The task
From the line with "この「エネルギーの未来新聞」" to the line with "CONGOLESE YOMBE PHEMBA", retype each line exactly as it stands in the records below, but skip the pictures.

═════ Exercise data

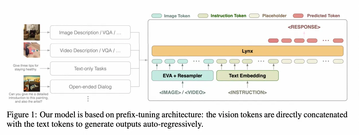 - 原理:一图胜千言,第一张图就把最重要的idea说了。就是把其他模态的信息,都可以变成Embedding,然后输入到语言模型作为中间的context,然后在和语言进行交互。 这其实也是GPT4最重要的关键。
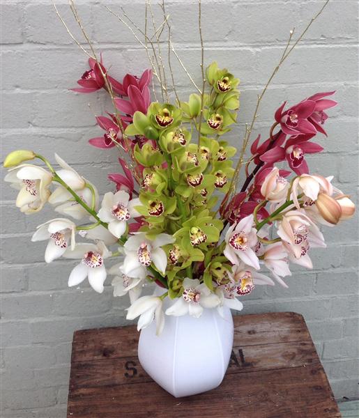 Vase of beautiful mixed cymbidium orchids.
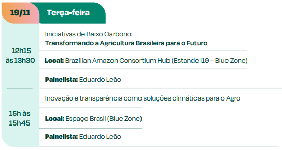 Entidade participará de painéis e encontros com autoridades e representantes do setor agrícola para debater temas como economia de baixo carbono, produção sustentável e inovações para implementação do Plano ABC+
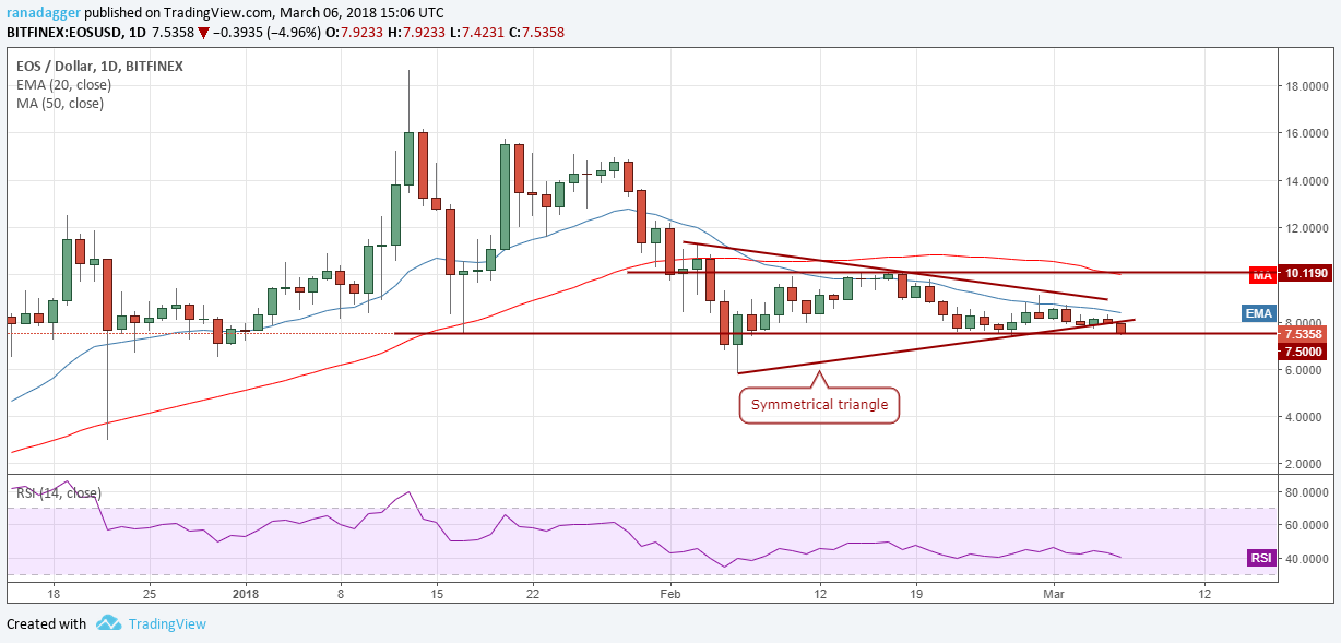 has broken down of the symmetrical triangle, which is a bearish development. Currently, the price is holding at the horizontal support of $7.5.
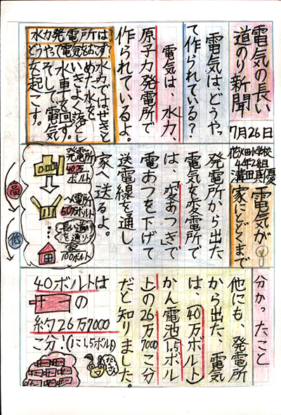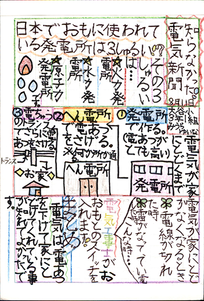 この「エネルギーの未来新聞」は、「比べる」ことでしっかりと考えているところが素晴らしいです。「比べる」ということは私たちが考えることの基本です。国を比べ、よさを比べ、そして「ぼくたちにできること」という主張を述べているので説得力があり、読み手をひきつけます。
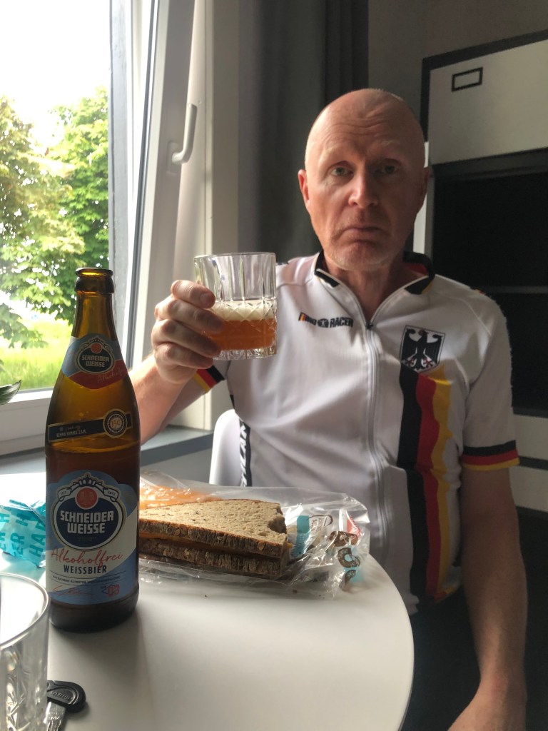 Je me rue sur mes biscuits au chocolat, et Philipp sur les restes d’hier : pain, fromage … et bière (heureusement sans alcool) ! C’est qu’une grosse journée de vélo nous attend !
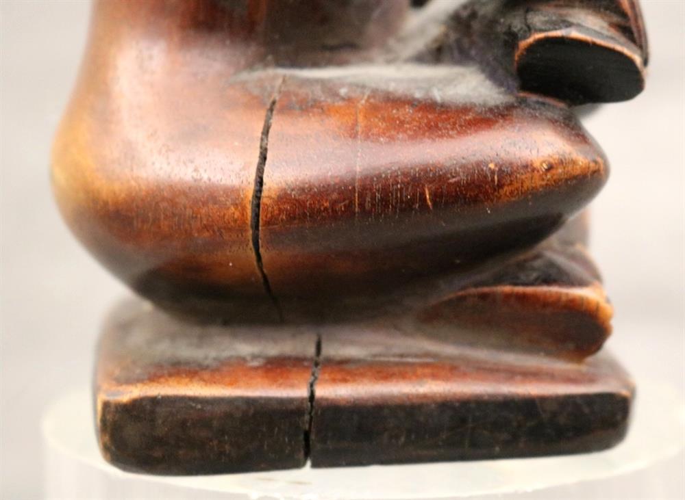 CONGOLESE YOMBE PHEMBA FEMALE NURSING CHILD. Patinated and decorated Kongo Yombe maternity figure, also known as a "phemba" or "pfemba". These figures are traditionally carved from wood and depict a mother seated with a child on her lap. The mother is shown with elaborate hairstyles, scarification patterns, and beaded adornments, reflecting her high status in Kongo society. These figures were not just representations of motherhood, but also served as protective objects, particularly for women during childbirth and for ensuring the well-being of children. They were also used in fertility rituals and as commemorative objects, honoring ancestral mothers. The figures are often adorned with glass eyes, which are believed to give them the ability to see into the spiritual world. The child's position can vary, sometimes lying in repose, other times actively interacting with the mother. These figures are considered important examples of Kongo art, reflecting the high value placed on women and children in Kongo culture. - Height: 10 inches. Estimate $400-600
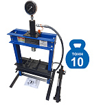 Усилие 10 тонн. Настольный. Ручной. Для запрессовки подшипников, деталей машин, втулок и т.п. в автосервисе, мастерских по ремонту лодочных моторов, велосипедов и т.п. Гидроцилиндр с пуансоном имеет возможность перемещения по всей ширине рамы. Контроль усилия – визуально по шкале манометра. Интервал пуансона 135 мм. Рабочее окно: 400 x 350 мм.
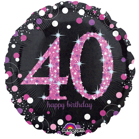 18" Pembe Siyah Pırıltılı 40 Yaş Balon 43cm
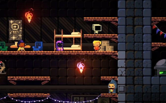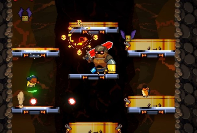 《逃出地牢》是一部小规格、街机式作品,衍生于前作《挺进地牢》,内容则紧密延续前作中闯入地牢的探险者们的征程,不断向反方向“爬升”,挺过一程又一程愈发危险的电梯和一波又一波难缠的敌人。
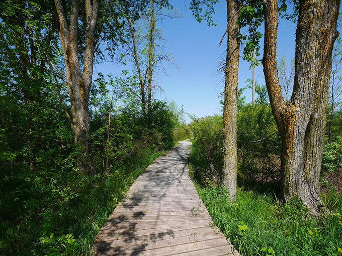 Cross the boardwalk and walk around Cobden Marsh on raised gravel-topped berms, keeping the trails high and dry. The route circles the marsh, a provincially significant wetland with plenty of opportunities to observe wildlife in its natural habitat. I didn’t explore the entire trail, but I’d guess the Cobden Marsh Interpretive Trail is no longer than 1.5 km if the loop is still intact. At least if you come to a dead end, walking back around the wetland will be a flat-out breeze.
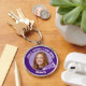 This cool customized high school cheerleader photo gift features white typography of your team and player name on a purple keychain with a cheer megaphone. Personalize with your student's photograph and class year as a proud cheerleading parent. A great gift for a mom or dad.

══════════
═════ Exercise data

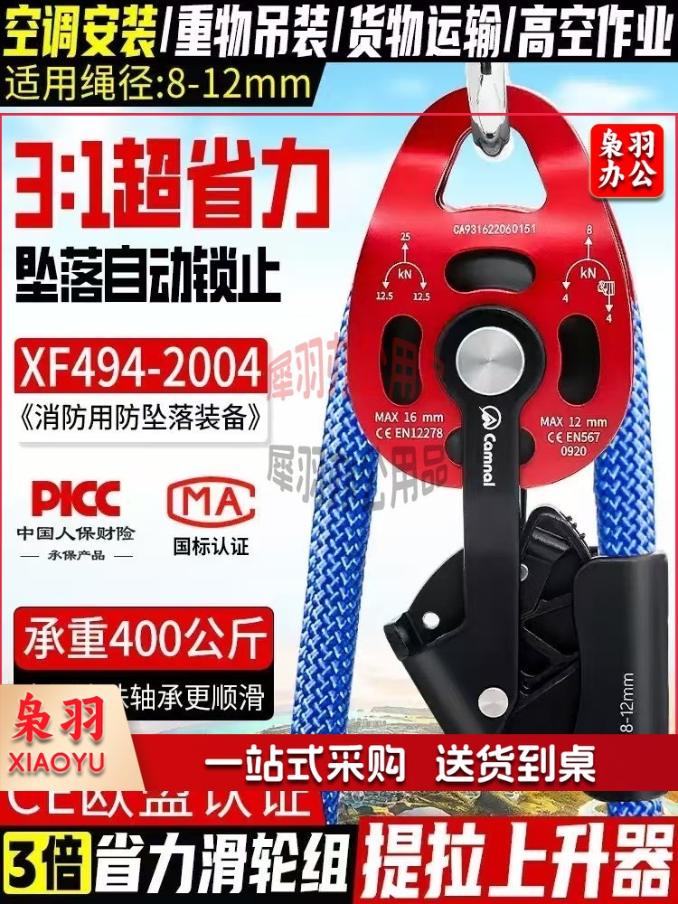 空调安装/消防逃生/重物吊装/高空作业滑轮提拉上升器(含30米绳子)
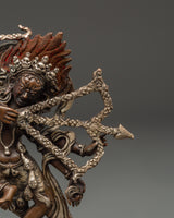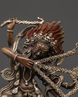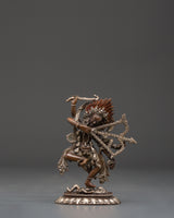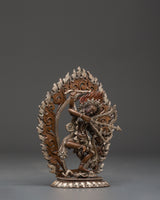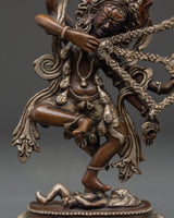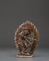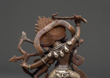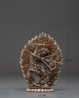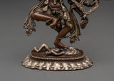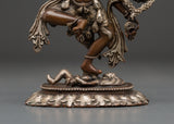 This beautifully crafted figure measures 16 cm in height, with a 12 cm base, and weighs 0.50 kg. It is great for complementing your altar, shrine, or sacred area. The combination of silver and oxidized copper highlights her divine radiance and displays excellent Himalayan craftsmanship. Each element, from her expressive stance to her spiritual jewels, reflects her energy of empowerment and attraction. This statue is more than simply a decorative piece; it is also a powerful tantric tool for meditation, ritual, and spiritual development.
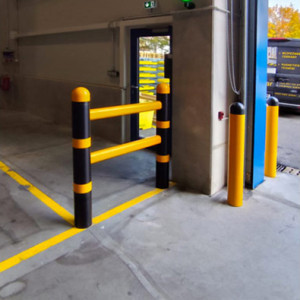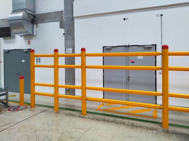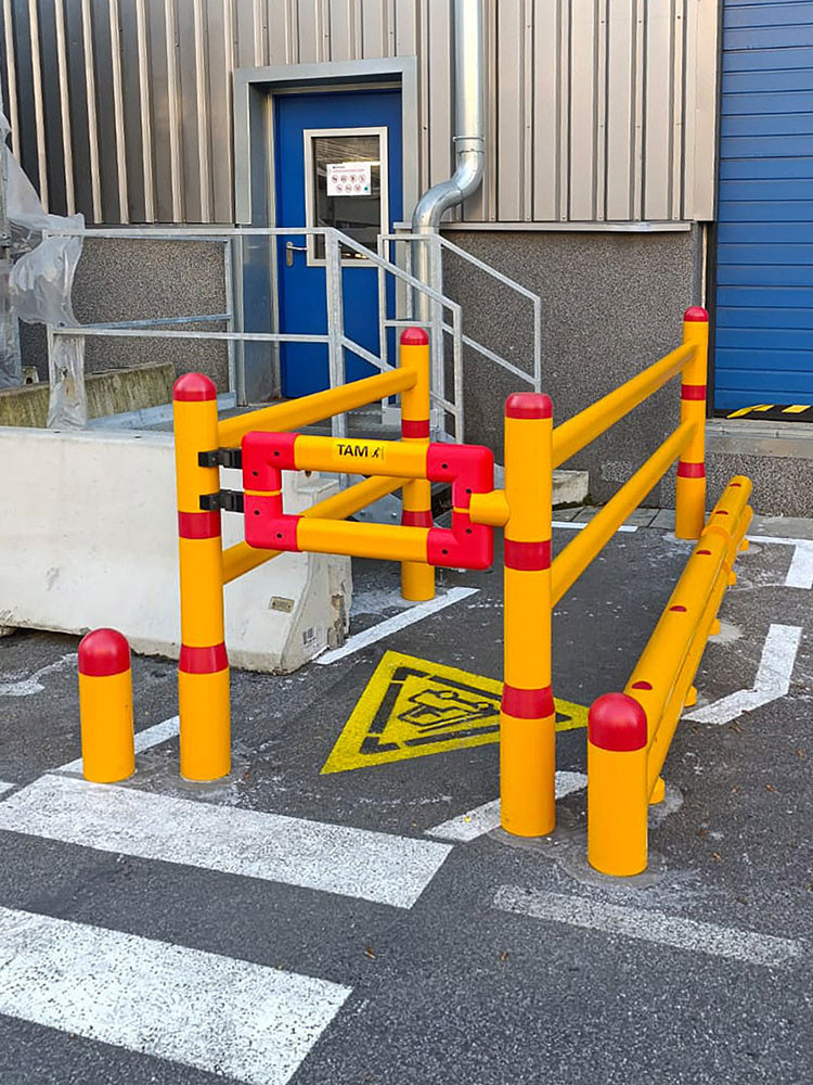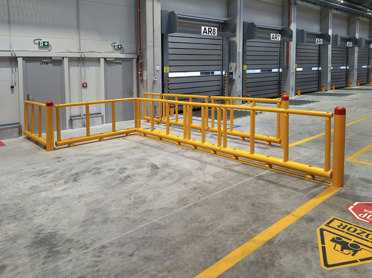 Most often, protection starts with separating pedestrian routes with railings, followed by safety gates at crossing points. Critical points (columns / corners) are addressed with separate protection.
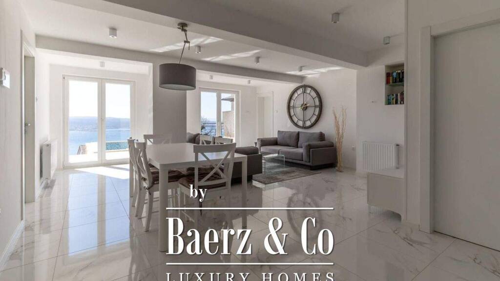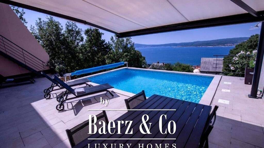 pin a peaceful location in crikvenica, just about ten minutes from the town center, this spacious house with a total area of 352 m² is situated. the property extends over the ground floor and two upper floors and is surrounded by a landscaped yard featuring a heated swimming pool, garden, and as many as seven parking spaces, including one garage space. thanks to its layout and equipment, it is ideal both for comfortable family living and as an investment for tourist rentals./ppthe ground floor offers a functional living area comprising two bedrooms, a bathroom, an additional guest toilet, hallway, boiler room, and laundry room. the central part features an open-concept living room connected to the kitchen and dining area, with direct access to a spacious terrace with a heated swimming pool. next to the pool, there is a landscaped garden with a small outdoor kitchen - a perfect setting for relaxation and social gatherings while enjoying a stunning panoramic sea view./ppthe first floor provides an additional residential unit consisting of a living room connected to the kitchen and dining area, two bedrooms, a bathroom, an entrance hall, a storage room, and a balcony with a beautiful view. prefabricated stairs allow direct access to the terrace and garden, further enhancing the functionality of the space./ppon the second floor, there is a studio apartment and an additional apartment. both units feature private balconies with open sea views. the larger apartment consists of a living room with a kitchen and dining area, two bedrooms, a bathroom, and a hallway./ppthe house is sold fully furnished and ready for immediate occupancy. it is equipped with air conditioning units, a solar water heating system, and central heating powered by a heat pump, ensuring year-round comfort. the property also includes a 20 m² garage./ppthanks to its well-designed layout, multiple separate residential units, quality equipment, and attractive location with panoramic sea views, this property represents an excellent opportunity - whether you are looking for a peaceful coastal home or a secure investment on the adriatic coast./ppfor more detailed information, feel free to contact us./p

══════════
═════ Exercise data

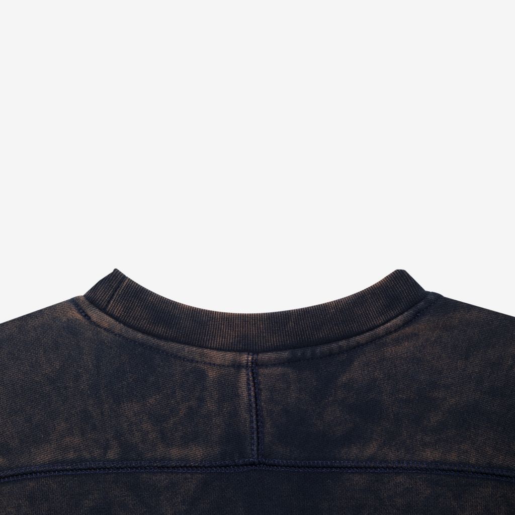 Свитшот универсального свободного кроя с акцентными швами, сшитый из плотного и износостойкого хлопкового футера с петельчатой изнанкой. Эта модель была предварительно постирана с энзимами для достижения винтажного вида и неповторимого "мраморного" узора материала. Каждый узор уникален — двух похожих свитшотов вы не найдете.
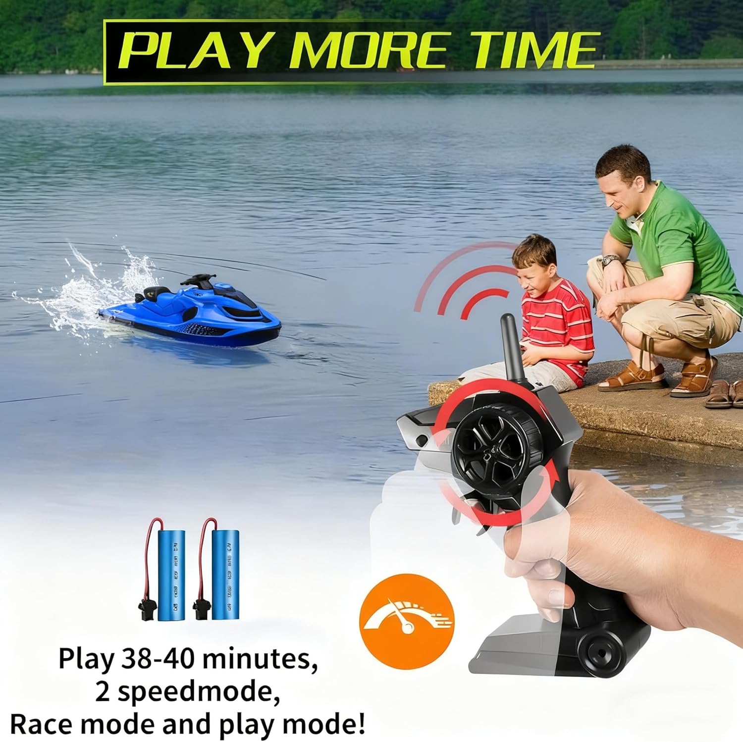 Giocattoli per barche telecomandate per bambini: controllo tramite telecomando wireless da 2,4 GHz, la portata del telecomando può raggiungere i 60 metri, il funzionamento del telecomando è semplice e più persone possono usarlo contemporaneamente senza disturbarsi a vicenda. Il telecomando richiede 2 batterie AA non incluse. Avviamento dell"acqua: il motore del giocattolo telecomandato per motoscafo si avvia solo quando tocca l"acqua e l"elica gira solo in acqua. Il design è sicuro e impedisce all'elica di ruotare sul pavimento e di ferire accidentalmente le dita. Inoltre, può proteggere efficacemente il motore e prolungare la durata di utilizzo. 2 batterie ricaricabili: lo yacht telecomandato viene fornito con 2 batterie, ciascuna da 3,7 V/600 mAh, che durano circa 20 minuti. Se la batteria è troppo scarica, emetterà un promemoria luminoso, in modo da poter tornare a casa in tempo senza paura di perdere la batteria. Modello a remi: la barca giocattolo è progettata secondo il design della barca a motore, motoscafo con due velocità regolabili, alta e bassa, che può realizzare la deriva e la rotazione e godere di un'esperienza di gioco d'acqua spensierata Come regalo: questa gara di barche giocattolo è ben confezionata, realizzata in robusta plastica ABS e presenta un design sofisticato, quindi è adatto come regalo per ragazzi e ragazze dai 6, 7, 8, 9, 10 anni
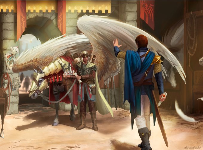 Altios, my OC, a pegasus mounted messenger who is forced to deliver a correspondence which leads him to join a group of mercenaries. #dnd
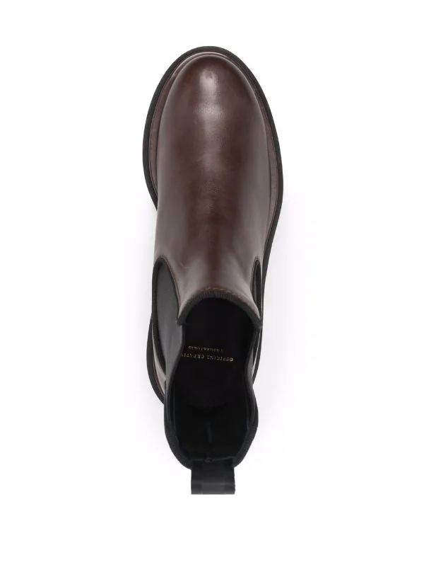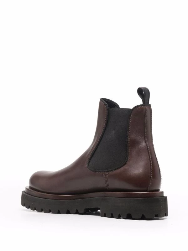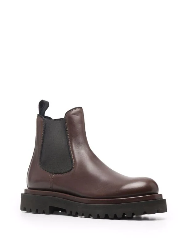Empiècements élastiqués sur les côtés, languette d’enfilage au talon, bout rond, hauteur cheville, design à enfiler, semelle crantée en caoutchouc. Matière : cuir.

══════════

Output for this exercise
 この「エネルギーの未来新聞」は、「比べる」ことでしっかりと考えているところが素晴らしいです。「比べる」ということは私たちが考えることの基本です。国を比べ、よさを比べ、そして「ぼくたちにできること」という主張を述べているので説得力があり、読み手をひきつけます。
 Je me rue sur mes biscuits au chocolat, et Philipp sur les restes d’hier : pain, fromage … et bière (heureusement sans alcool) ! C’est qu’une grosse journée de vélo nous attend !
 CONGOLESE YOMBE PHEMBA FEMALE NURSING CHILD. Patinated and decorated Kongo Yombe maternity figure, also known as a "phemba" or "pfemba". These figures are traditionally carved from wood and depict a mother seated with a child on her lap. The mother is shown with elaborate hairstyles, scarification patterns, and beaded adornments, reflecting her high status in Kongo society. These figures were not just representations of motherhood, but also served as protective objects, particularly for women during childbirth and for ensuring the well-being of children. They were also used in fertility rituals and as commemorative objects, honoring ancestral mothers. The figures are often adorned with glass eyes, which are believed to give them the ability to see into the spiritual world. The child's position can vary, sometimes lying in repose, other times actively interacting with the mother. These figures are considered important examples of Kongo art, reflecting the high value placed on women and children in Kongo culture. - Height: 10 inches. Estimate $400-600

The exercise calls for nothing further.